How to Multiply Matrices | Linear Algebra, Matrix Operations, Matrix Multiplication

How do we multiply matrices? Matrix multiplication is one of the trickier matrix operations, but I hope this video lesson will help you understand it!

CORRECTION: At 6:21 I say "negative three times negative four", but we are actually doing negative three times positive four. I wrote it all correctly, just misspoke. Sorry about that!

When multiplying two matrices, the order matters (this means matrix multiplication is not commutative). If A and B are matrices, AxB is not necessarily equal to BxA, unlike with real numbers where order does not change the product. Furthermore, some matrices cannot even be multiplied together in a particular order!

The matrix on the left side of a multiplication has to have as many columns as the right matrix has rows.

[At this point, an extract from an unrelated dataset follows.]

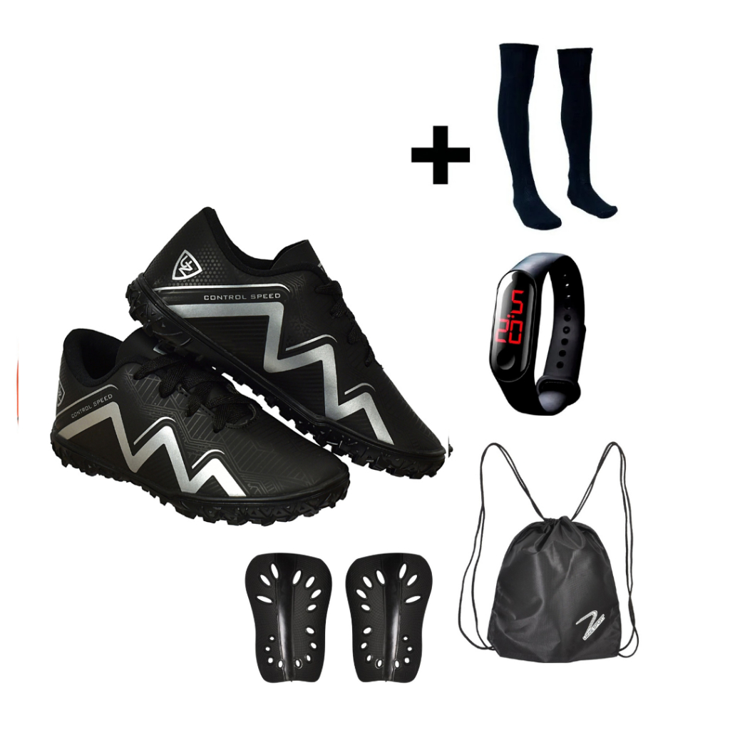 Chuteira Society Sintética 1000 Infantil + Meião + Relógio + Caneleira + Mochila

If this is not the case, then the matrices cannot be multiplied, so their product is undefined, it's like dividing by 0! If matrix A has dimensions 5x3 and matrix B has dimensions 3x4, then AxB is defined, because A as as many columns (3) as B has rows. However, BxA is not defined because B has 4 columns and A has 5 rows, and 4 is not equal to 5.

For more details on how to multiply two matrices, watch the video lesson!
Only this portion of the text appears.